*TO DO*. Repeat these records exactly, pictures excluded.

*TASK MATERIAL*.
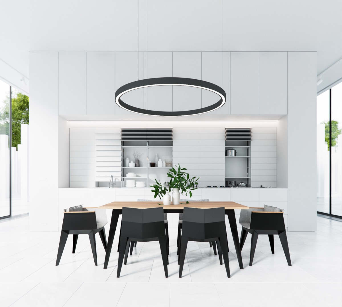 A világítást soha nem szabad elfelejteni egy étkezőben - ezek a fekete fényforrások remekül passzolnak a fekete asztalhoz, a fehér falaknak, valamint a barna székeknek köszönhetően nem lesz túl komor a végeredmény.
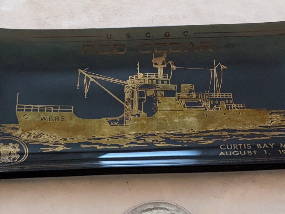 USCCG Coast Guard Red Cedar Curtis Bay Maryland 8/1/1970 Glass Ash Pin Tray- ...
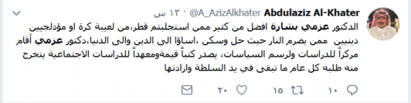 وقال الكاتب عبدالعزيز الخاطر إن “الدكتور عزمي بشارة افضل من كثير ممن استجلبتهم قطر، من لاعبي كرة أو مؤدلجيين دينيين ممن يضرمون النار حيث حلوا وسكنوا”، في إشارة واضحة إلى عناصر جماعة الإخوان المقيمين في الدوحة.
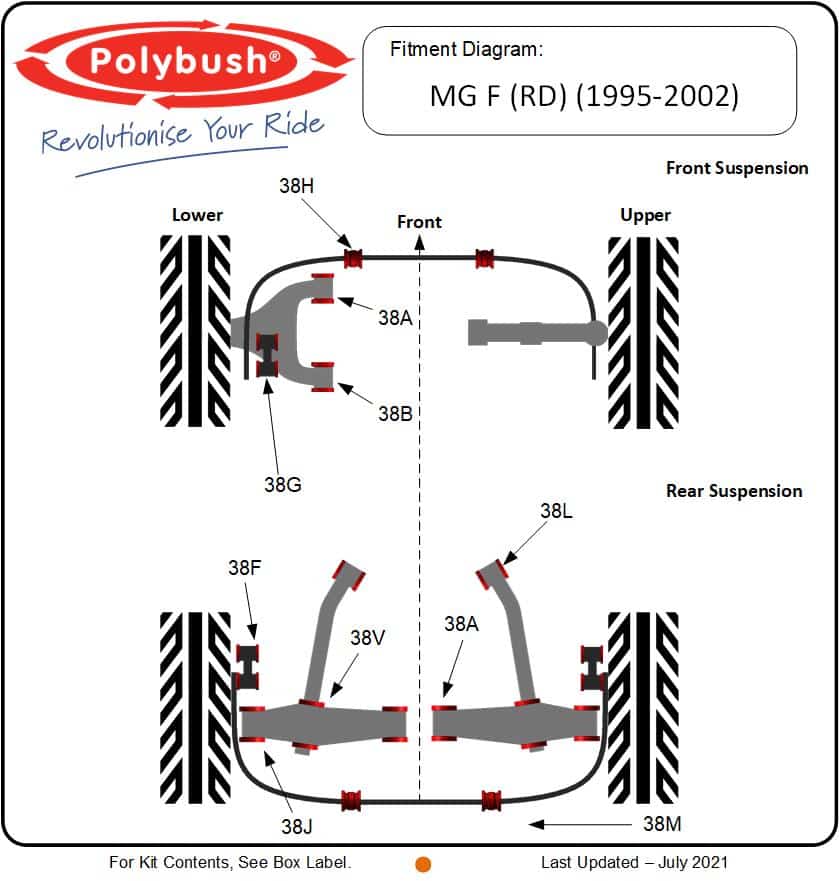 Upgrade your MG F (1995–2002) with precision-fit polyurethane suspension bushes from Polybush.
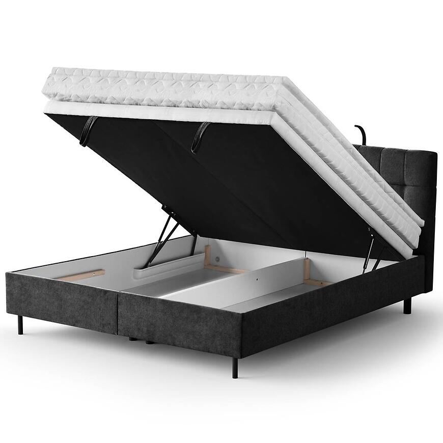 Łóżko Muna z topperem 160×200 Aston 18 w klasycznej czerni to propozycja łącząca elegancję z wysokim komfortem użytkowania. Wyposażone w materac sprężynowy typu pocket oraz dodatkowy topper, zapewnia wygodne i zdrowe warunki snu, idealnie dopasowując się do kształtu ciała. Powierzchnia spania o wymiarach 160×200 cm sprawia, że model doskonale sprawdzi się jako komfortowe łóżko dwuosobowe. Dzięki wysokości siedziska 60 cm wstawanie i siadanie na łóżku jest wyjątkowo wygodne.
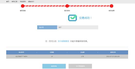 6.转账成功。可点击相应按钮进行交易明细查询、继续转账、结果打印操作。
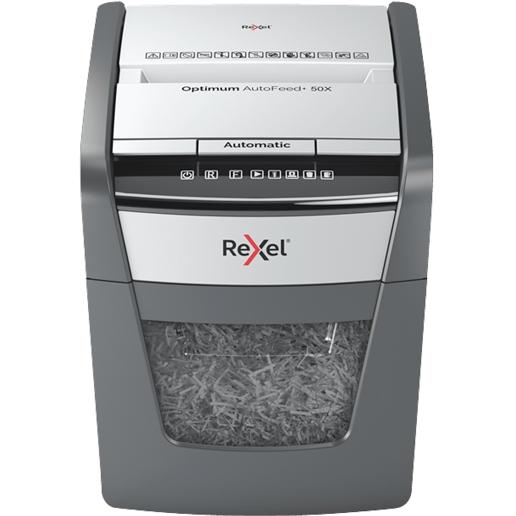 Rexel Optimum Autofeed 50X Destructora Automatica De Corte En Particulas P-4 - Alimentacion Automatica 50 Hojas Y Ranura Manual 6 Hojas - Anti Atasco - Capacidad De La Papelera 20L - Color Gris/Plata
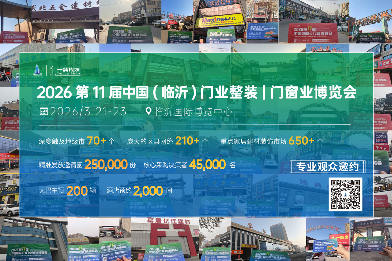 2026年3月21日-23日,2026第十一届中国(临沂)门业博览会将在临沂国际博览中心(双岭路)盛大举行。50000+㎡展览规模,1000家展商齐聚,为产业链上下游品牌提供集交流对话、新品展示、招商加盟等高效合作平台,打造山东木门窗行业开年第一展!
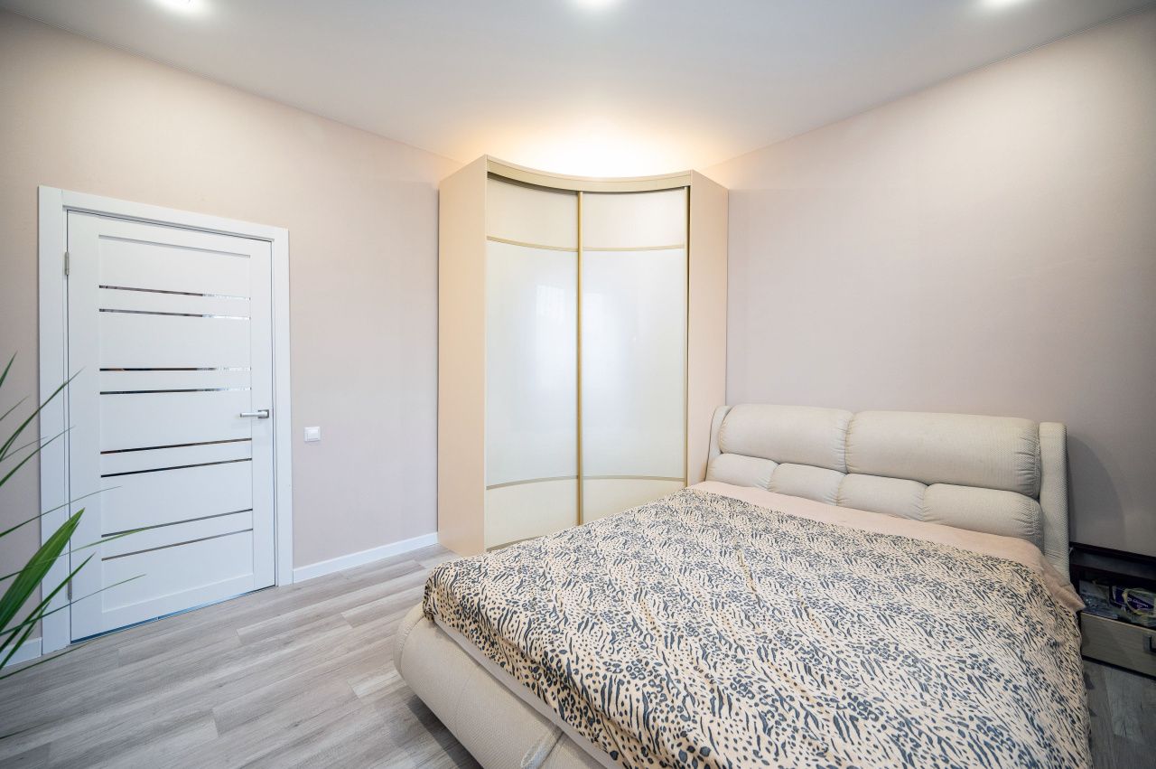 Соседи доброжелательные, проживают круглогодично. Приятным бонусом новому обладателю в спальне остаётся большой, вместительный шкаф и двухспальная кровать.
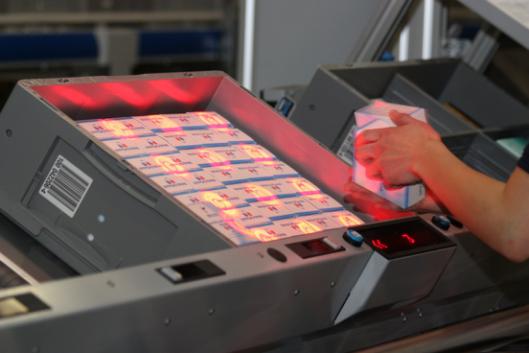 如果系統中提示有訂單需要揀選,旋轉貨架能迅速并且準確地找到含有訂單內商品的周轉箱,并自動把周轉箱送上傳送帶。當周轉箱到達工作站時,工作站的屏幕上會顯示每筆訂單需要揀選出的貨品和數量,作業人員根據指示拿貨即可。因此,揀選人員無需步行,在這一模式下,其揀選速度可以達到1200件/小時。據計算,這種速度是傳統人找貨揀選方式的10倍以上。

*OUTPUT OF THE TASK*.
 A világítást soha nem szabad elfelejteni egy étkezőben - ezek a fekete fényforrások remekül passzolnak a fekete asztalhoz, a fehér falaknak, valamint a barna székeknek köszönhetően nem lesz túl komor a végeredmény.
 USCCG Coast Guard Red Cedar Curtis Bay Maryland 8/1/1970 Glass Ash Pin Tray- ...
 وقال الكاتب عبدالعزيز الخاطر إن “الدكتور عزمي بشارة افضل من كثير ممن استجلبتهم قطر، من لاعبي كرة أو مؤدلجيين دينيين ممن يضرمون النار حيث حلوا وسكنوا”، في إشارة واضحة إلى عناصر جماعة الإخوان المقيمين في الدوحة.
 Upgrade your MG F (1995–2002) with precision-fit polyurethane suspension bushes from Polybush.
 Łóżko Muna z topperem 160×200 Aston 18 w klasycznej czerni to propozycja łącząca elegancję z wysokim komfortem użytkowania. Wyposażone w materac sprężynowy typu pocket oraz dodatkowy topper, zapewnia wygodne i zdrowe warunki snu, idealnie dopasowując się do kształtu ciała. Powierzchnia spania o wymiarach 160×200 cm sprawia, że model doskonale sprawdzi się jako komfortowe łóżko dwuosobowe. Dzięki wysokości siedziska 60 cm wstawanie i siadanie na łóżku jest wyjątkowo wygodne.
 6.转账成功。可点击相应按钮进行交易明细查询、继续转账、结果打印操作。
 Rexel Optimum Autofeed 50X Destructora Automatica De Corte En Particulas P-4 - Alimentacion Automatica 50 Hojas Y Ranura Manual 6 Hojas - Anti Atasco - Capacidad De La Papelera 20L - Color Gris/Plata
 2026年3月21日-23日,2026第十一届中国(临沂)门业博览会将在临沂国际博览中心(双岭路)盛大举行。50000+㎡展览规模,1000家展商齐聚,为产业链上下游品牌提供集交流对话、新品展示、招商加盟等高效合作平台,打造山东木门窗行业开年第一展!
 Соседи доброжелательные, проживают круглогодично. Приятным бонусом новому обладателю в спальне остаётся большой, вместительный шкаф и двухспальная кровать.
 如果系統中提示有訂單需要揀選,旋轉貨架能迅速并且準確地找到含有訂單內商品的周轉箱,并自動把周轉箱送上傳送帶。當周轉箱到達工作站時,工作站的屏幕上會顯示每筆訂單需要揀選出的貨品和數量,作業人員根據指示拿貨即可。因此,揀選人員無需步行,在這一模式下,其揀選速度可以達到1200件/小時。據計算,這種速度是傳統人找貨揀選方式的10倍以上。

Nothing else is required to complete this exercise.